В двух шагах от плотной густо-зеленой стены леса росла на белом песке одинокая сосенка-подросток чистоты необычайной. Тени от нее еще не было никакой. Иглы у нее были крупные, редкие, как те пёнышки-перья, что бывают у неоперившихся птенцов.

Эта сосенка и привлекла Агну Тимофеевну.

Она долго стояла, обсыхая, возле этой сосны, слегка придерживаясь за нее, лицом к стене леса.

Агна Тимофеевна и не подозревала, что глаза мужчины, привлеченного сюда темным расчетом, белесые на загорелом лице, почти в упор смотрели сквозь листву на все, что происходит на пляже.

4

Лодочник Степа отнюдь не томился, когда ему приходилось, бывало, с утра и до вечера дожидаться людей, подрядивших на целый день его моторку.

Он был уроженец этих берегов, истый волгарь, его тянуло к Волге неодолимо, и не было для него большей радости на свете, как в знойный летний день, в стариковских видениях из прошлого, из мира невозвратимых дней детства и юности, млеть под жарким солнцем где-нибудь на этих песчаных рёлках, в тени ветлы или дикого тополя; бродить по теплой воде отмелей, засучив штаны по колено; изредка выкупаться; иной раз половить раков; иной раз расставить частокол удочек, воткнутых удилищами в берег, а то и вынуть вершу, еще с вечера накануне поставленную.

А иногда неторопливо, по-стариковски, перебрать, почистить и смазать моторчик своей «Чайки» — так было угодно его пятилетней внучке назвать его посудину.

Словом, занятий хватало. И чего ж еще надо шестидесятилетнему инвалиду с тяжелым увечьем?

Его изувечили еще молодым «чапанники»[1] во время кулацко-эсеровского мятежа в Поволжье.

Плясали на нем. Кидали оземь. Били прикладами.

Он долго хворал. От повреждения позвоночника охромел. Простреленная из дробовика лучевая кость предплечья срослась плохо — врачи сказали: ложный сустав. И теперь еще прибрежные ребятишки любили, когда Степа, уступая по доброте своей их домогательствам, изворачивал простреленную руку, и от этого возникал уродливый, необычный угол посредине предплечья...

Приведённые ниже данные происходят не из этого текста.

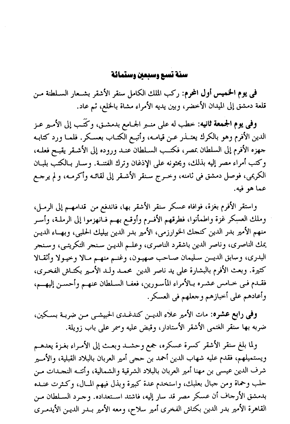 سنة تسع وَسبعين وسِتمِائَة فِي يَوْم الْخَمِيس أول الْمحرم: ركب الْملك الْكَامِل سنقر الْأَشْقَر بشعار السلطنة من قلعة دمشق إِلَى الميدان الْأَخْضَر وَبَين يَدَيْهِ الْأُمَرَاء مشَاة بِالْخلْعِ ثمَّ عَاد. وَفِي يَوْم الْجُمُعَة ثَانِيه: خطب لَهُ على مِنْبَر الْجَامِع بِدِمَشْق وَكتب إِلَى الْأَمِير عز الدّين الأفرم وَهُوَ بالكرك يعْتَذر عَن قِيَامه وأتبع الْكتاب بعسكر. فَلَمَّا ورد كِتَابه جهزه الأفرم إِلَى السُّلْطَان بِمصْر فَكتب السُّلْطَان عِنْد وُرُوده إِلَى الْأَشْقَر يقبح فعله وَكتب أُمَرَاء مصر إِلَيْهِ بذلك ويحثونه على الإذغان وَترك الْفِتْنَة. وَسَار بالكتب بلبان الكريمي فوصل دمشق فِي ثامنه وَخرج سنقر الْأَشْقَر إِلَى لِقَائِه وأكرمه وَلم يرجع عَمَّا هُوَ فِيهِ. وَاسْتقر الأفرم بغزة فوافاه عَسْكَر سنقر الْأَشْقَر بهَا فَانْدفع من قدامهم إِلَى الرمل وَملك الْعَسْكَر غَزَّة واطمأنوا فطرقهم الأفرم وأوقع بهم فَانْهَزَمُوا إِلَى الرملة وَأسر مِنْهُم الْأَمِير بدر الدّين كنجك الْخَوَارِزْمِيّ الْأَمِير بدر الدّين بيليك الْحلَبِي وبهاء الدّين يمك الناصري وناصر الدّين باشقرد الناصري وَعلم الدّين سنجر التكريتي وسنجر البدري وسابق الدّين سُلَيْمَان صَاحب صهيون وغنم مِنْهُم مَالا وخيولا وأثقالا كَثِيرَة. وَبعث الأفرم بالبشارة على يَد نَاصِر الدّين مُحَمَّد ولد الْأَمِير بكتاش الفخري فَقدم فِي خَامِس عشره بالأمراء المأسورين فَعَفَا السُّلْطَان عَنْهُم وَأحسن إِلَيْهِم وأعادهم على أخبازهم وجعلهم فِي الْعَسْكَر.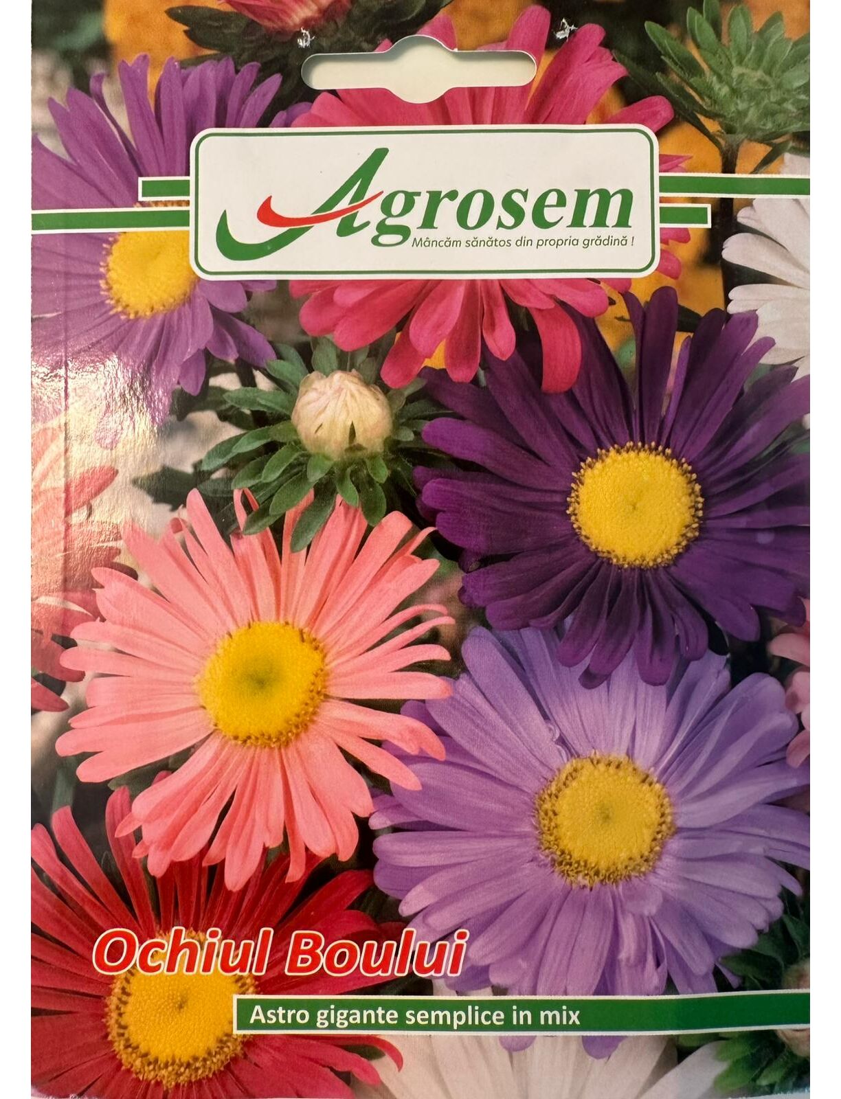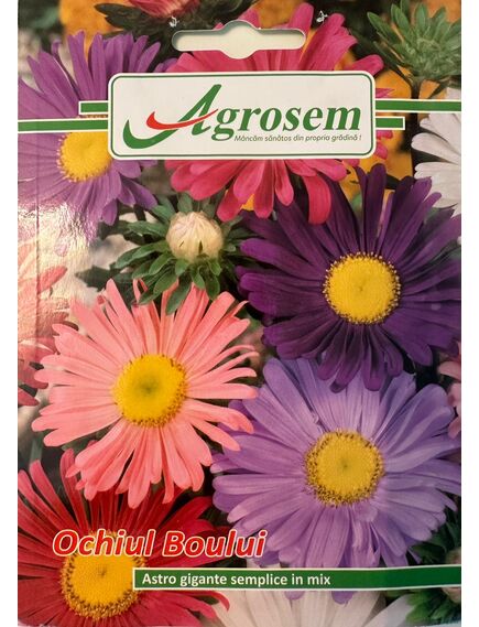 Ochiul Boului (Aster) este o plantă anuală decorativă, cu flori mari, simple, de tip margaretă, în culori vii și variate – roz, mov, violet, alb, roșu și combinații atractive. Plantele au port erect, bine ramificat, fiind ideale pentru straturi florale, ronduri, borduri și ca flori tăiate. Se remarcă prin înflorirea abundentă și aspectul decorativ deosebit pe tot parcursul verii.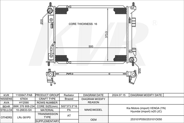 KIA HATCHBACK,2010- G4FC RADIATOR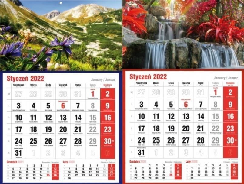 Kalendarz Jednodzielny pasuje wszędzie tam, gdzie na trójdzielny brakuje miejsca, a zależy nam na podglądzie poprzedniego i następnego miesiąca. Kalendaria zawierają oznaczenia miesięcy i dni tygodnia w trzech językach (PL, EN, DE) oraz imieniny i typowe święta. Format: 31x48 cm Uwaga: wysyłka wzoru losowa.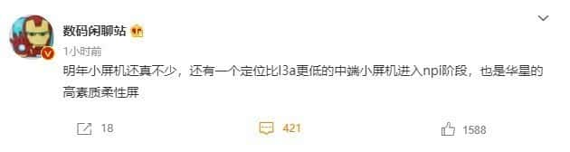 除了小米12X小米明年似乎还有新的小屏机推出,数码博主@数码闲聊站称,(小米)明年小屏机还真不少,还有一个定位比l3a更低的中端小屏机进入npi阶段,也是华星的高素质柔性屏。(npi阶段是指,工程样品验证测试评审阶段)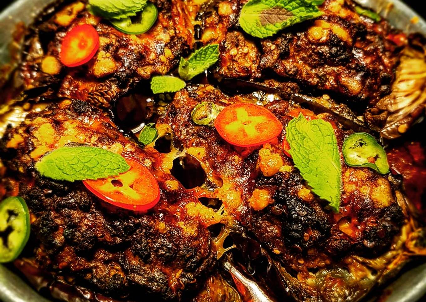 - Espolvorear sobre las berenjenas unas hojas de menta fresca y ají fresco.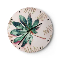 Zegar ścienny - Duży zielony liść na jasnoróżowym tle z detalami roślinnymi - 30x30cm - Studium zieleni na różowym tle - Nowoczesna dekoracja ścienna do salonu, kuchni i sypialni ARTTOR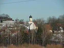 Das Kirchdorf liegt 3 Kilometer nordwestlich des Ortes Kronburg auf einem Hügel oberhalb eines Iller-Stausees an der Landesgrenze zu Baden-Württemberg.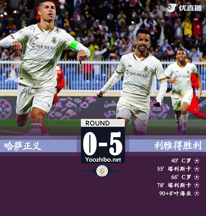 360直播讯 北京时间4月5日03:00,沙特联赛第22轮利雅得胜利挑战哈萨正义的比赛,上半场阿姆里造点,C罗点射破门,下半场塔利斯卡、C罗均完成双响,叶海亚补射建功,最终利雅得胜利客场5-0大胜哈萨正义。

Степа состоял в артели лодочников — инвалидов войны, которым всяческую помощь стремился оказать Бороздин. Да и строительству ГЭС этот «подсобный моторизованный флот», как говорилось в шутку, еще очень и очень был полезен.

Солнце начинало западать где-то за синим бором, на увалах левого берега. Было еще жарко, но уж потянуло речной прохладой. Местами Волга лежала гладкими и нестерпимо для глаза, словно электросварка, сверкавшими плесами. А где-то уж взялась мелкими, как из серого коленкора, шатерчиками островерхих волн.

вернуться

1

«Чапанники» — презрительное прозванье участников кулацкого мятежа в Поволжье в 1919 году.